13. Here, we may profitably refer to a judgment of the Supreme Court reported in 1989 (42) E.L.T.350 (SC) in the case of Gujarat Travncore Agency v. Commissioner of Income Tax. Supreme Court has held that while imposing partly, question of mens rea is not required, but the obligation cast upon the assessee has to be discharged bonafide. As mentioned herein above, a bare reading of the provisions of law makes it abundantly clear that the Assessee was required to furnish audit with regard to the business as Section 44AB does not show or contemplate that all business are required to be consolidated together for working out the aggregate of the turnover. The subsequent clarification issued by the Chartered Accountants of India cannot be pressed into service to the disadvantage of the assessee.

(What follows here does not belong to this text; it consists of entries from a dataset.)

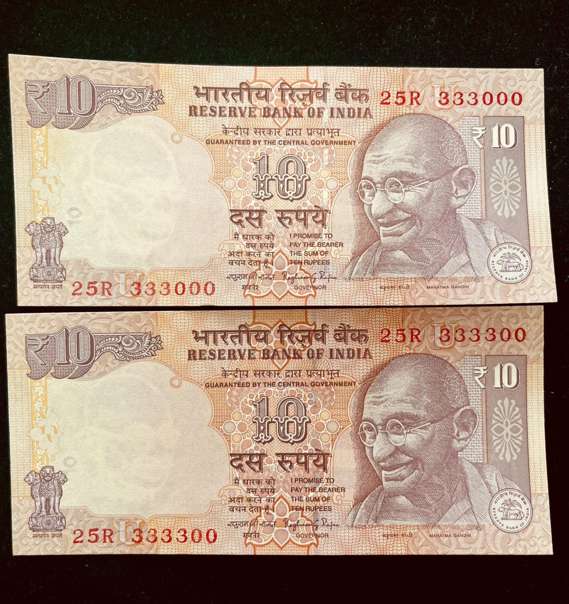 Rs 10 INDIA Banknote SEMI FANCY TWIN SET 25R 333300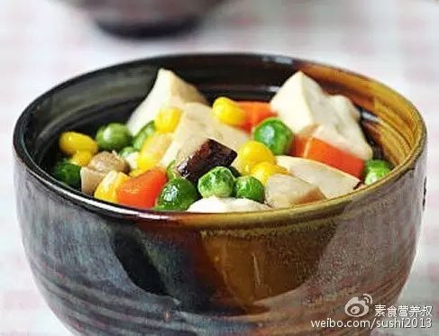 食材:豆腐,豌豆,玉米粒,香菇,木耳,胡萝卜,酱油,盐,糖,蘑菇精,淀粉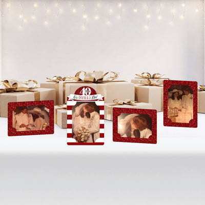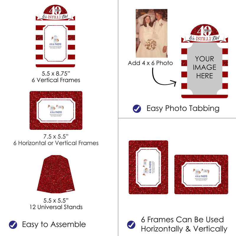 Shine the light on your guest of honor when you decorate with the We Still Do - 40th Wedding Anniversary Paper Photo Frames at your Anniversary Party. This set of 12 photo holders includes 6 vertical frames with round-shaped tops and 6 standard rectangular frames that can be displayed vertically or horizontally. To use, begin by attaching the center tabs of the frame to the corresponding slots on the stand. Next, fold the sides of the stand towards the center and fold the support piece until it rests in the notches. Finally, place your 4x6 photos into the frames and secure them into place with the corner tabs. We Still Do - 40th Wedding Anniversary paper frames are professionally printed on sturdy cardstock paper and are a damage-free way to showcase your favorite pictures of your guest of honor. Use the We Still Do - 40th Wedding Anniversary picture frames at the welcome table, place them as table centerpieces, or utilize them for mantel decorations. You can also hang the frames on your wall or make a banner using your own string and adhesives. Make your celebration picture-perfect when you highlight your guest of honor’s memories and milestones with the We Still Do - 40th Wedding Anniversary Paper Photo Frames.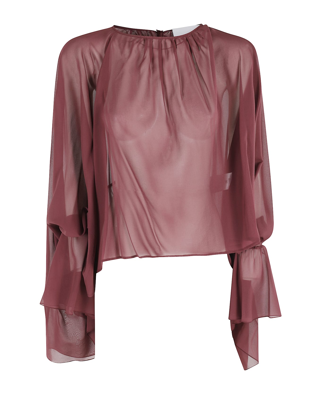 Blouse - Erika Cavallini - Cora model - Eggplant color - Asymmetrical - Back opening - Ruffle at bottom - Back button closure.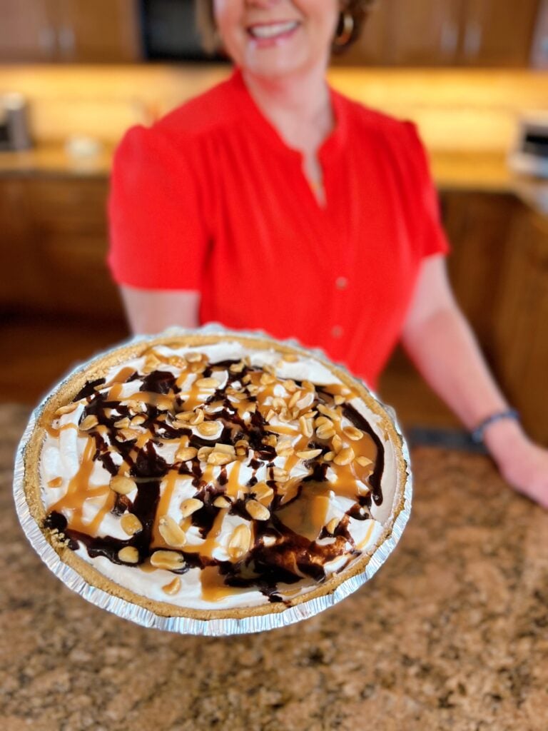 You won't believe that this pie is light and low in fat... it's that rich and heavenly! Creamy and topped with crunchy peanuts, each bite is sure to bring you pure joy!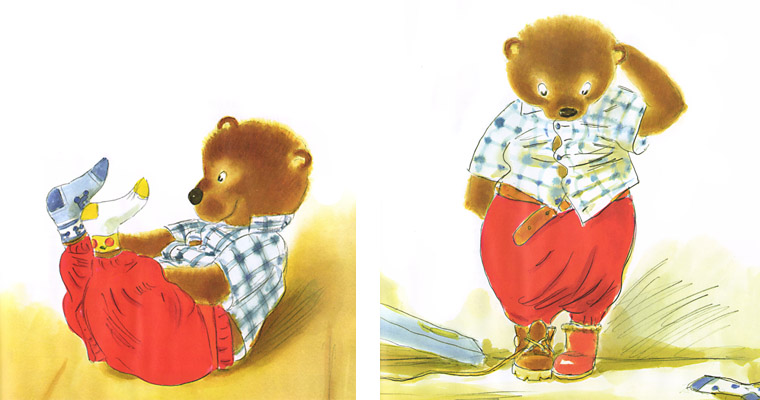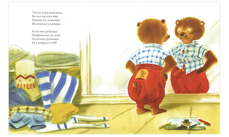 Но картинки только «фиксируют» действия: вот так медвежонок одевается, вот что у него получается. Картинки можно разглядывать, отвечая на вопрос «Что делает медвежонок?». Однако захватывающую остроту картинкам придают слова «я сам»: они «разворачивают» восприятие, побуждают рассматривать книжку «в контексте проблемы»: медвежонок не просто что-то делает, он делает это САМ. Поэтому результаты его деятельности местами такие странные – разные носки на лапах, непарная обувь на лапах, и т.п.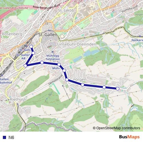 The first stop of the N6 bus route is St. Gallen, Bahnhof and the last stop is St. Gallen, Bach St. Georgen. N6 is operational during on weekends.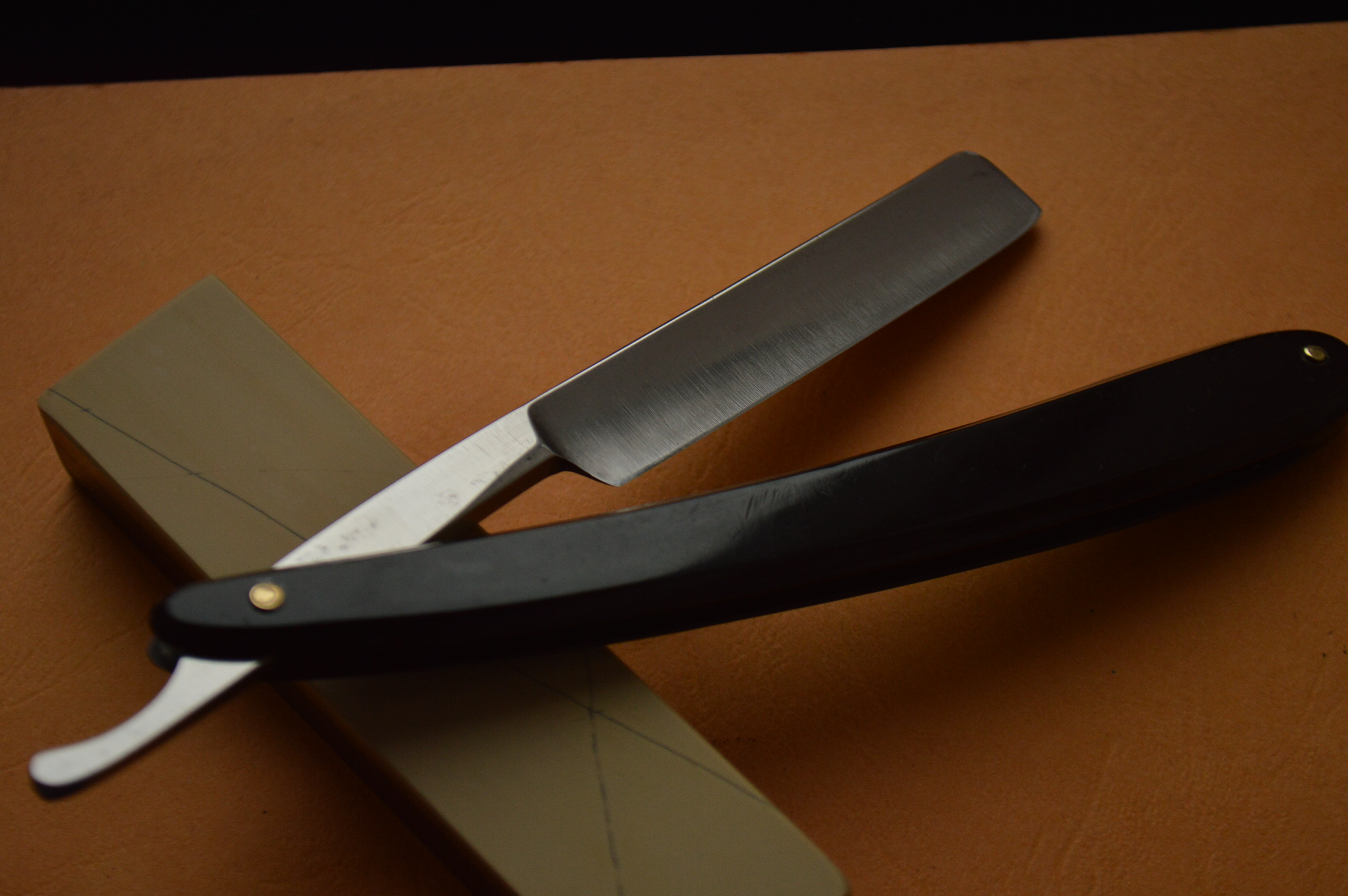 Spoiler Show Бритва в хорошем состоянии как для ее возраста. Бритва разбиралась, чистилась, менян осевой пин. Размер 4/8, выборка на четверть, ручка синтетика. Отличный экземпляр как в коллекцию, так и для постоянного пользования. Заточена, при этом не возможно не сказть про сталь... сталь не имеет ничего общего из сталями бритв советского производства послевоенного периода. Очень и очень класное бритье выдает этот образец. За деталями прошу обращаться в личные сообщение. Оплата по договоренности обсуждается в л/с (зачастую это перевод на карту Виза), отправка посредством государственной почты Украины и России. Резерв в л/с. Spoiler Show

14. Tribunal has also placed reliance on yet another judgment of the Supreme Court. ported in (1972) ITR 83 page 27 (Hindustan Steel Limited v. State of Orissa), where it dealt with the provisions contained in Orissal Sales Tax Act. While considering the general principles, the Apex Court has held that penalty can be levied on failure of the assessee to get itself registered as a dealer under the Sales Tax Act only when it is established that he had not acted bona fide, or acted deliberately in defiance of law or was guilty of conduct contumacious, or dishonest, or in conscious disregard of his obligations. If the assessee was under a bona fide belief that it was not a dealer, then levying of penalty could not be justified. In view of the foregoing discussions, it is clear to us that assessee had acted in bona fide belief and had no dishonest intention in not obtaining audit report for all the three businesses carried on by him.
15. For all these reasons, we are of the opinion that the question of law, referred to herein above, has to be answered in favour of the assessee and against the revenue.
16. The appeal , therefore, stands disposed of accordingly.